After burning down the house they won in the season one finale, the López family is forced to return to the apartment where they lived before, now with two new members: Justito, son of Plutarco and Gaby, and Victoria, daughter of La Nena and Adolfo. The López family will live new troubles and problems, which will be solve with the support of the whole family.

== Cast ==
- Jorge Ortiz de Pinedo as Plácido López
- Eduardo Manzano as Don Arnoldo López
- Zully Keith as Renata González de López
- Andrea Torre as La Nena
- Mariana Botas as Martina López
- Moisés Iván Mora as Aldolfo
- Jessica Segura as Tecla
- María Fernanda García as Licha González
- Camila Rivas as Victoria
- Tadeo Bonavides as Justo "Justito" López
- Daniela Luján as Gaby del Valle de López
- Ricardo Margaleff as Plutarco López

== Episodes ==

| No. overall | No. in season | Title | Original release date | Mexico viewers (millions) |
| 25 | 1 | "El regreso" | August 25, 2019 | 3.5 |
Because of a fatal event, the López will have to return to the building they left 10 years ago, only now there are more family members and the space is the same.
| 26 | 2 | "Los muebles" | August 25, 2019 | 3.5 |
The López have virtually nothing for their apartment, but Plutarco and Gaby will solve this problem with a unique solution and hopefully bring a little order and peace to their home.
| 27 | 3 | "A trabajar todos" | September 1, 2019 | 2.9 |
Plácido is tired of family not wanting to work, and help him with the expenses. This time he plans to stop this situation by ordering the family to look for a job and those who do not contribute, will not eat.
| 28 | 4 | "La venta del edificio" | September 1, 2019 | 2.9 |
A new shopping center is coming to the neighborhood, the good news for Plácido is that now everyone will have a job, the bad news is that it will be built in the same place where their building is located. Now the family will have 24 hours to vacate the apartment.
| 29 | 5 | "Ahí va el agua" | September 8, 2019 | 3.3 |
The family believes that their water service cut off due to lack of payment; so Aldolfo presents some unorthodox solutions.
| 30 | 6 | "Tome su turno" | September 8, 2019 | 3.3 |
Knowing that they do not fit very well in the apartment, Plácido has prepared very dramatic solution for his family: Those who do not work will have to take turns living in the apartment.
| 31 | 7 | "Embarazo no deseado" | September 15, 2019 | 2.0 |
Tecla is not feeling well and everyone suspects that she is pregnant and the possible culprit is a family member. Conflicts over possible infidelity will not wait.
| 32 | 8 | "El socio" | September 22, 2019 | 2.0 |
Plácido receives a chance to become Don Justo's partner.

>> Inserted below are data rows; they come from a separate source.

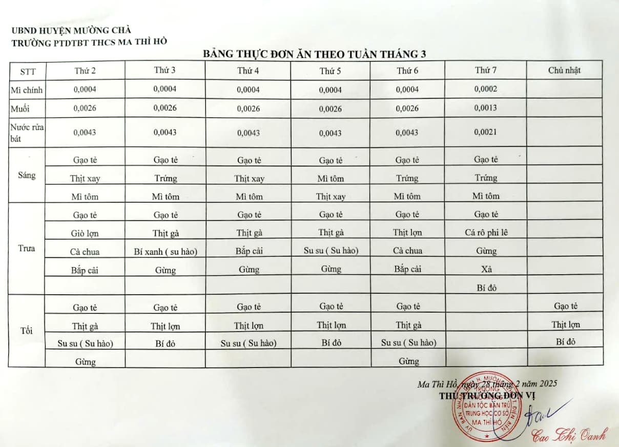 BẢNG THỰC ĐƠN ĂN THEO TUẦN THÁNG 3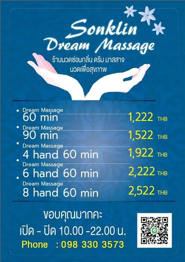 ที่ Sonklin Dream Massage ทุกช่วงเวลาการนวดถูกสร้างสรรค์ขึ้นอย่างพิถีพิถัน เพื่อมอบความสบายอย่างแท้จริง — นุ่มนวล สงบ และน่าจดจำ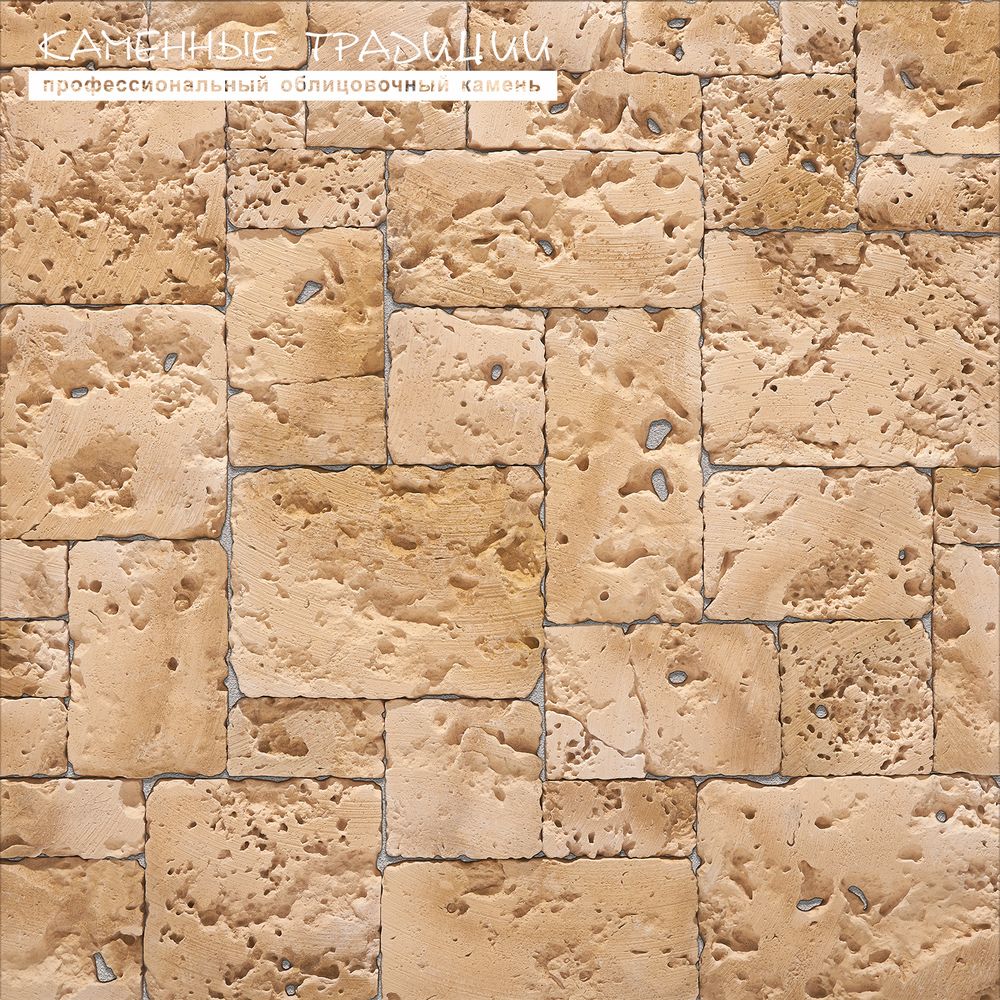 Укладывается на клей на цементной основе. Благодаря рисунку этого отделочного камня и пересечению швов, создается оригинальная композиция. Фактура спроектирована таким образом, что сквозные каверны и некоторые неровности в швах нуждаются в заполнении клеевым составом. При укладке следует избегать длинных вертикальных швов. Облицовка осуществляется быстро и без проблем.

Everyone already feels rich and starts spending/acting like millionaires, not knowing that, because of Plutarco, things may not go as expected.

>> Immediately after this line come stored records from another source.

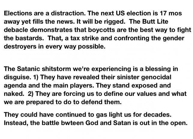 .. when will our Women understand that God Loves them and Wants them to refuse this sin-filled slide into Hell and re-defining Womanhood from the older women who were a benefit and Good-Fruit to society before mid-1960's into the septic self-poisoning baby-murdering child-mutilating male-hating horrors they grasp and expand each generations.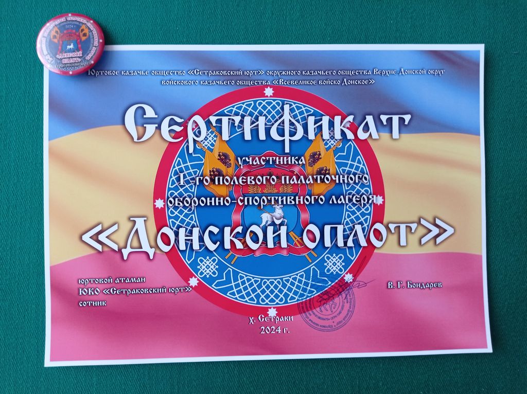 19 августа в 1000 на торжественном закрытии полевого палаточного оборонно-спортивного лагеря «Донской оплот» всем участникам, как детям, так и взрослым, обеспечивавшим работу лагеря, был вручён Сертификат и эксклюзивный значок к сертификату, участника I-го полевого палаточного оборонно-спортивного лагеря «Донской оплот».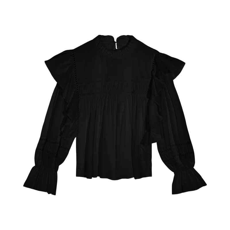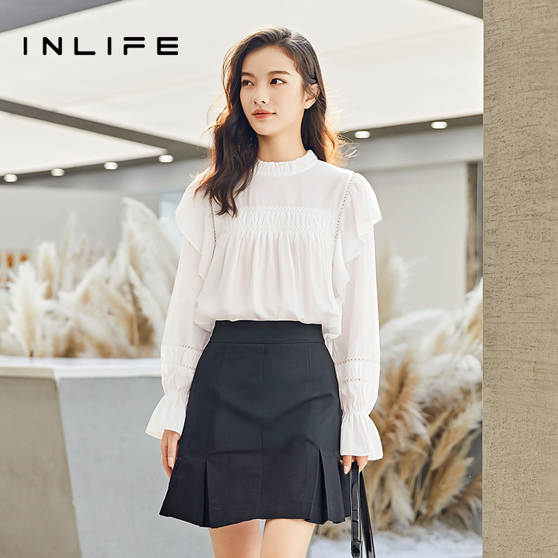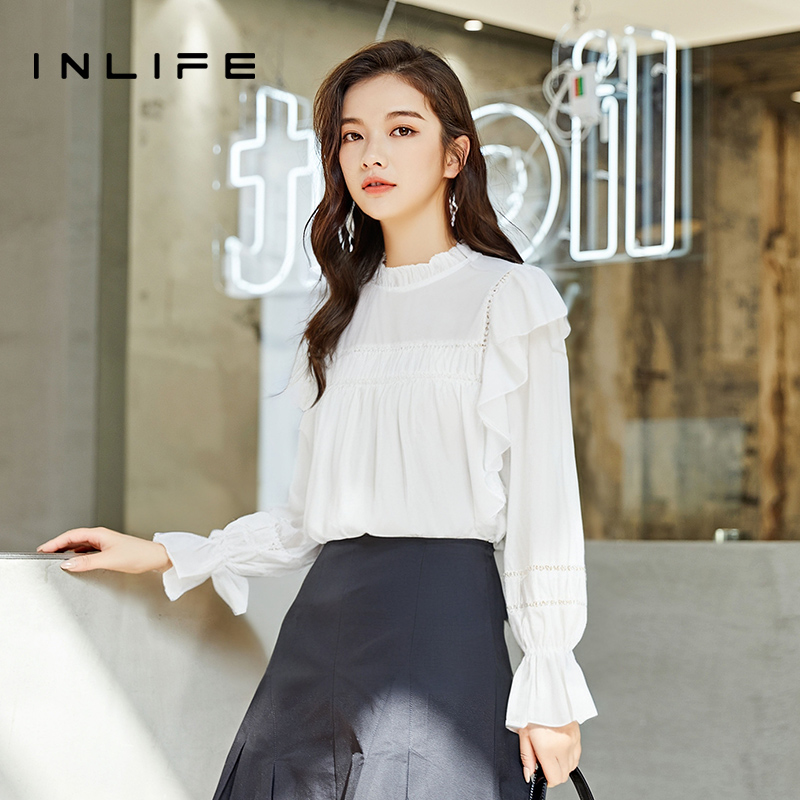 COCOBELLA名媛风手工压褶木耳边雪纺衬衫 气质通勤飘带衬衣SR7062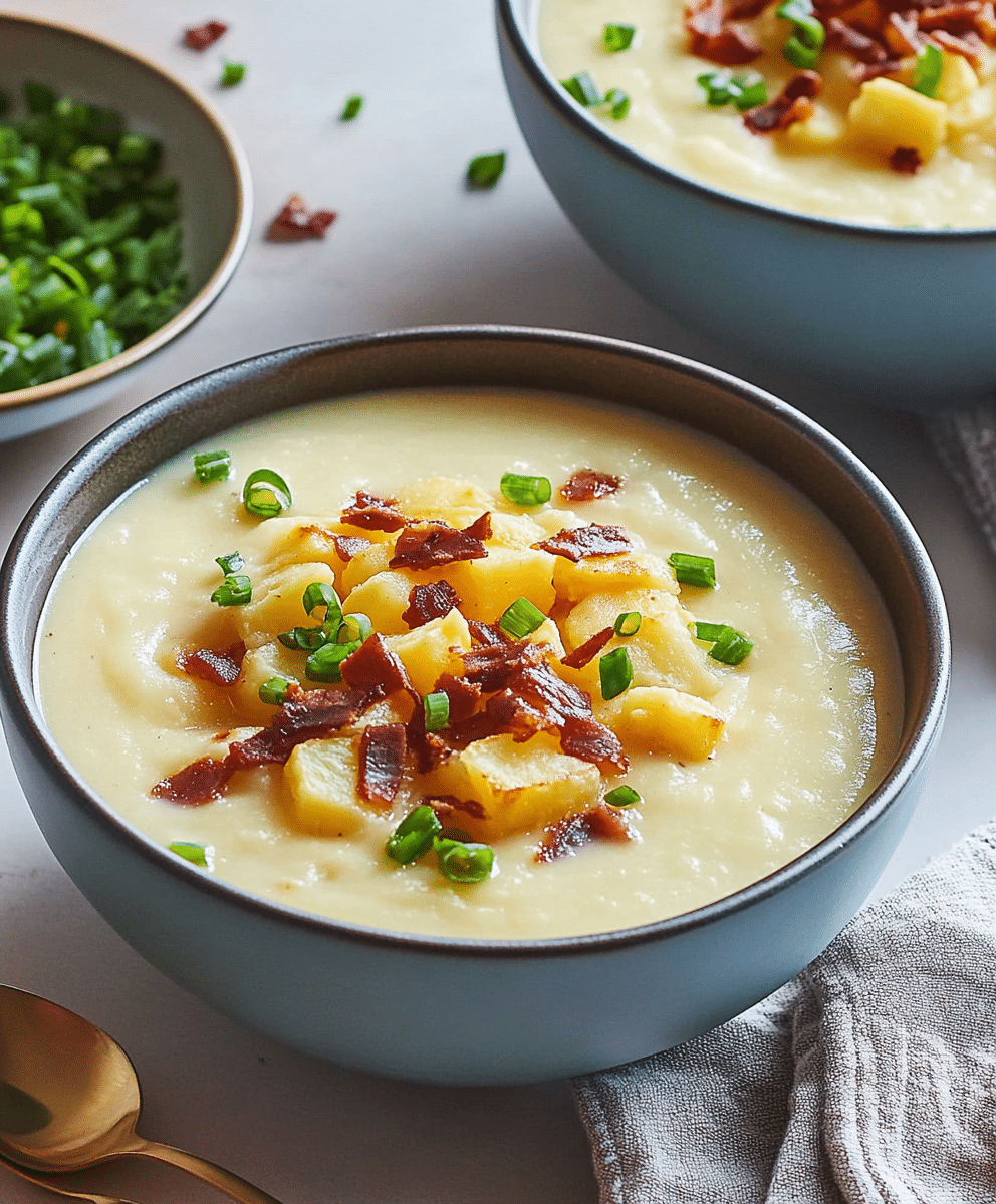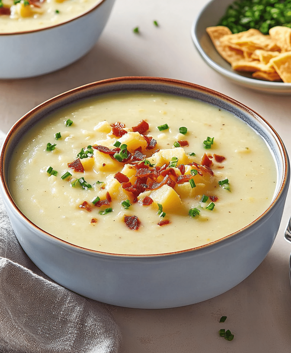 Slow Cooker Loaded Baked Potato Soup is a rich, creamy soup made with tender potatoes, cheese, bacon, and chives. This comforting recipe is easy to make in a slow cooker and perfect for busy days. Top it with your favorite baked potato toppings for extra flavor!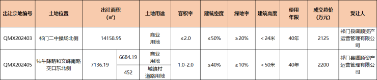 根据《招标拍卖挂牌出让国有建设用地使用权规定》(国土资源部令第39号),现将祁门县国有建设用地使用权挂牌出让成交结果公示如下:

| 33 | 9 | "¿Quién se comió los tamales?" | September 22, 2019 | 2.0 |
A thunderstorm leaves the family without electricity, but when the power returns, Don Arnoldo's tamales disappear. Tecla is apparently to blame for everything, but Plutarco and Gaby will clarify this mystery and catch the culprits.
| 34 | 10 | "Las vacaciones" | September 29, 2019 | 2.8 |
Don Justo needs to keep Plácido and Plácido out of his office, so he gives them the day off. And to make sure they do not come in, Don Justo offers them some money so they can take their family on vacation. The López leave the city and their adventures will lead them to a terrifying vacation.
| 35 | 11 | "El abuelo pierde la memoria" | September 29, 2019 | 2.8 |
Don Arnoldo loses his memory due to a fall and does not remember who he is, and only knows that he has a hidden treasure.
| 36 | 12 | "Cartas a la bruja" | October 6, 2019 | 3.0 |
Renata is a fan of a magazine where Madame Patú publishes her advice. A confused Plácido believes that Renata is cheating on him. And the young members of the family learn of the events that lead their births.
| 37 | 13 | "Esperando a Justo" | October 6, 2019 | 3.0 |
The López prepare to receive a very special visit from Don Justo. Plácido and Renata will have to find a way to gather what is necessary to prepare a decent dinner and entertain their guest. Not knowing that Tecla will be leaving them.